We greatly regret this error and we apologize to all Mac users, both for releasing with this vulnerability and for the concern it has caused. Our customers deserve better. We are auditing our development processes to help prevent this from happening again.
Security problems and patches happen all the time, although they are rarely this egregious, or this easy to exploit. It's also just the latest high-profile software problem haunting Apple -- the company recently had to patch a bug on iPhones that would substitute the letter "i" with a strange "A[?]" character for some users.
Topics Apple Cybersecurity
This is the fattest of the extremely fat bears
The OLED Burn
That image of 'Overwatch' League cities going around isn't news
Apple buys automation app Workflow and makes it free
Whale Vomit Episode 5: Startup Monarchy
Confirmed: Nintendo Switch Joy
This 'Time' cover will give you a reality check about Trump's America
Drake has some new tattoos and, well, it's best if you just see for yourself
Amazon Prime Grubhub deal: Save $10 off orders of $20 or more
People are making fun of Airbnb's new Chinese name
'The Last of Us' Season 2, episode 5: The spores are here!

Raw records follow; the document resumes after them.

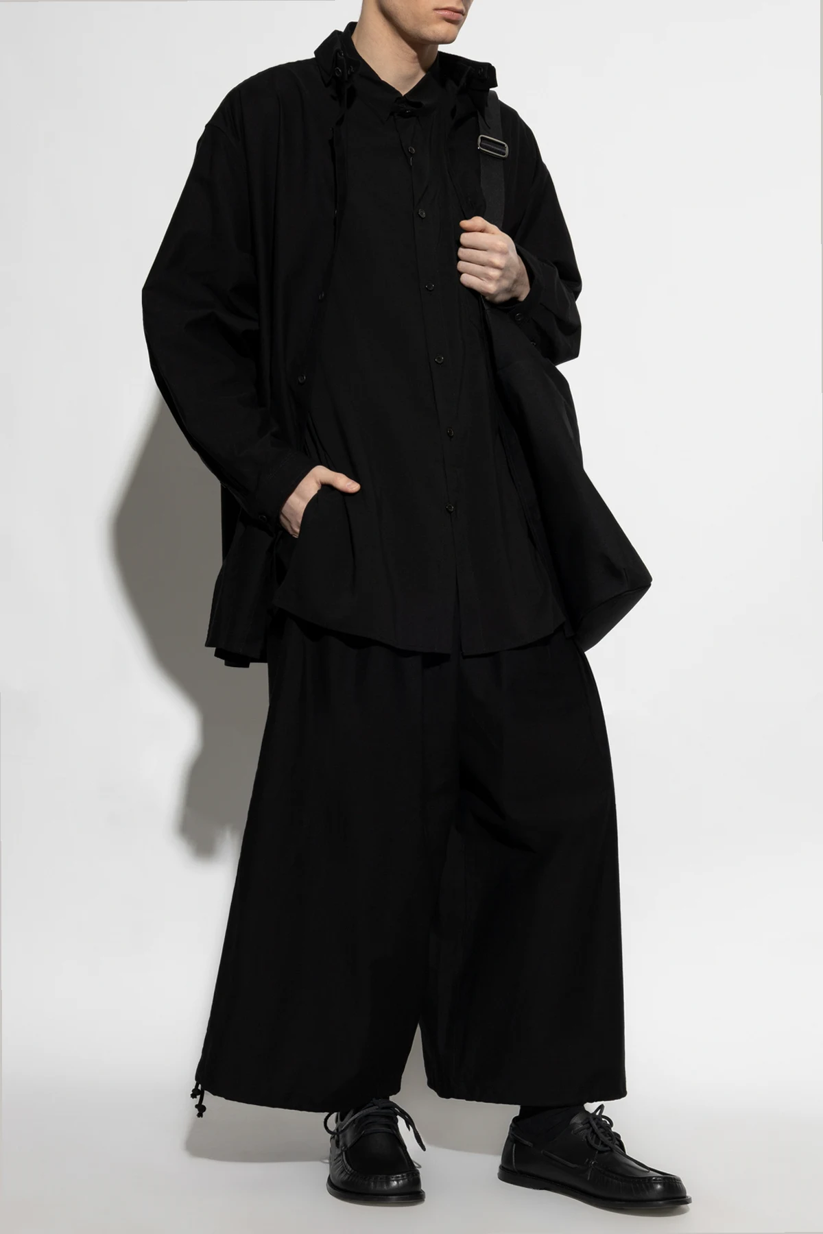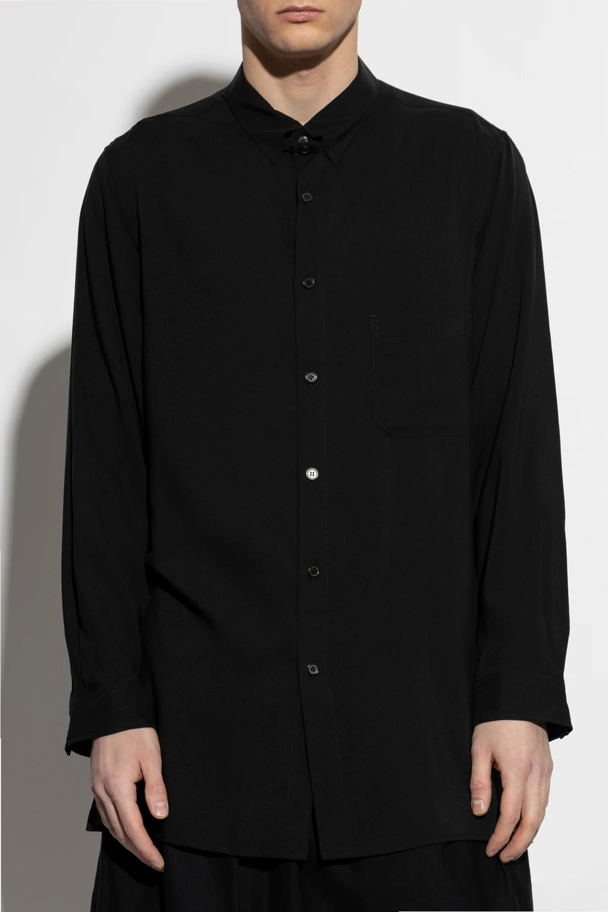 Experience the epitome of timeless elegance with the Black Pocket Shirt by Yohji Yamamoto. Crafted from a smooth, lightweight fabric, this shirt offers unparalleled comfort. Its classic long sleeves and standard collar exude a refined aesthetic, perfect for both formal and informal gatherings. Distinctive in its simplicity, the shirt features a functional chest pocket on the left side, seamlessly blending utility with style. Complemented by matching black buttons, this piece embodies sophistication. Yamamoto, renowned for his avant-garde approach, channels his rebellious spirit through this design, merging Parisian chic with a modern twist. Adorned in deep black, the shirt reflects gothic and futuristic inspirations, making it a staple for any wardrobe. Why Choose This Product? Classic Design: Versatile and suitable for any occasion. Premium Material: Ensures comfort and durability. Unique Artistic Influence: Designed by acclaimed designer Yohji Yamamoto.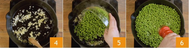 Deja que la cebolla se ablande a fuego lento durante unos minutos 4, removiendo de vez en cuando, luego añade los guisantes 5 y ajusta de sal y pimienta 6. Cocina durante unos 10 minutos siempre a fuego lento, removiendo de vez en cuando.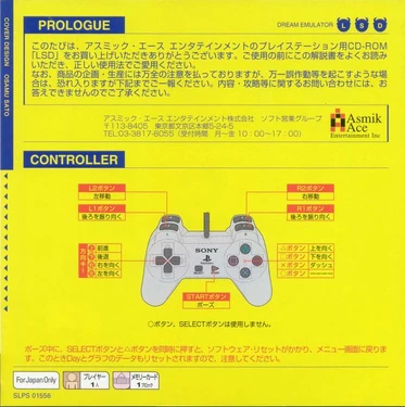 Thank you for purchasing the PlayStation CD-ROM "LSD" from Asmik Ace Entertainment. Please read this instruction manual carefully before use and enjoy using it correctly.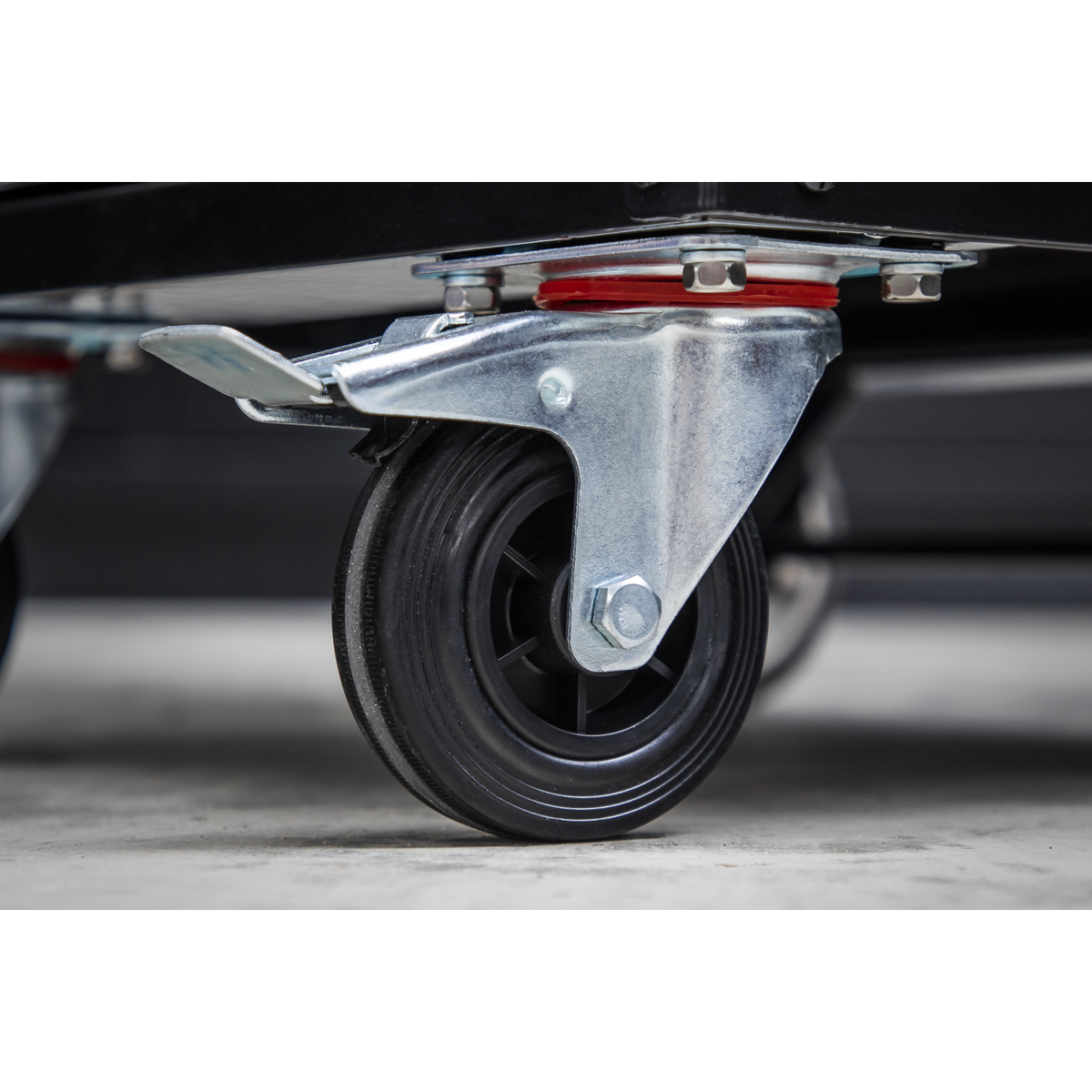 • MANOEUVRABLE - Easily manoeuvrable with ergonomic side handles, two front steering swivel castors and two rear fixed wheels.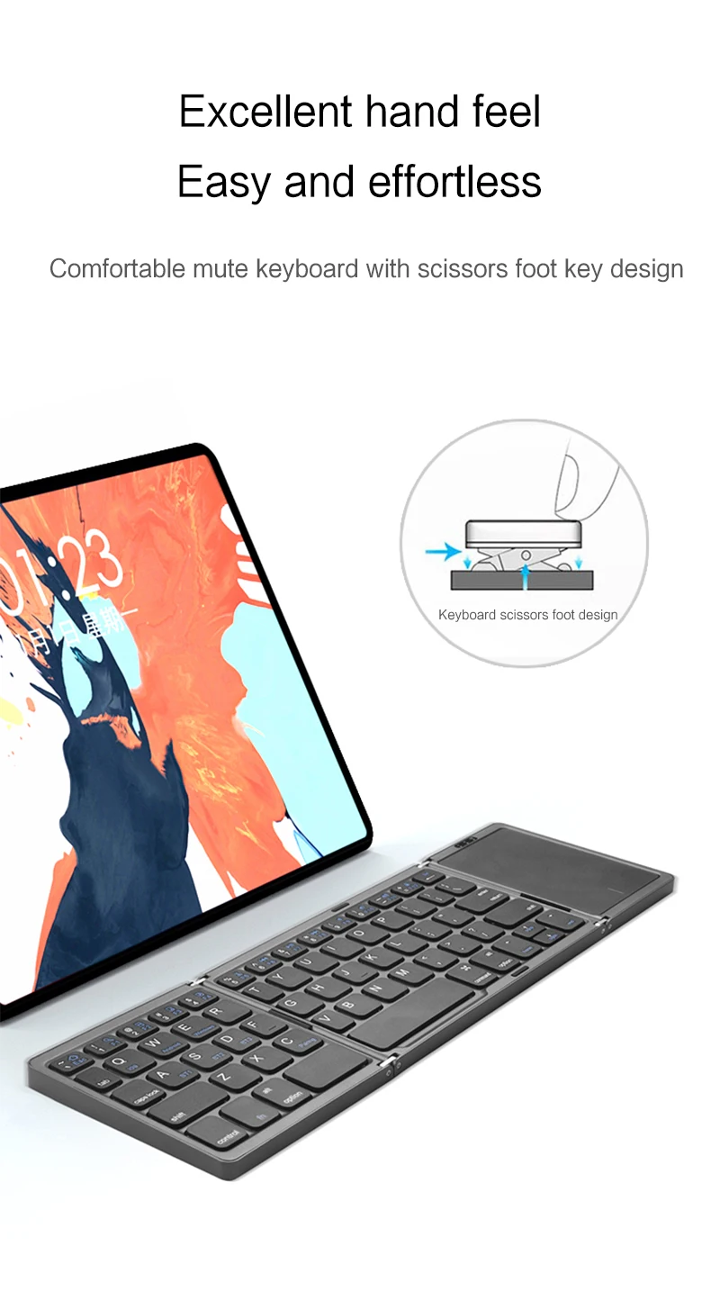 Este es un teclado plegable inalámbrico Bluetooth, pequeño y cómodo de llevar.Es adecuado para la tableta del teléfono móvil iPad Huawei Samsung Lenovo Xiaomi OPPOvivo

It only took us five minutes to find a big brand advertising on a hate group's YouTube
'Shots Fired' is the most vital show on TV right now
Lindsay Lohan's prank show sounds terrifying in the best way
Philips now allows customers to 3D print replacement parts
LinkedIn tries to make a smarter news feed with 'trending storylines'
Crush your soul with these children's books rewritten for a Trump presidency
Fossil unveils two new Android Wear 2.0 smartwatches for its Q line
'The Last of Us' Season 2, episode 5: The spores are here!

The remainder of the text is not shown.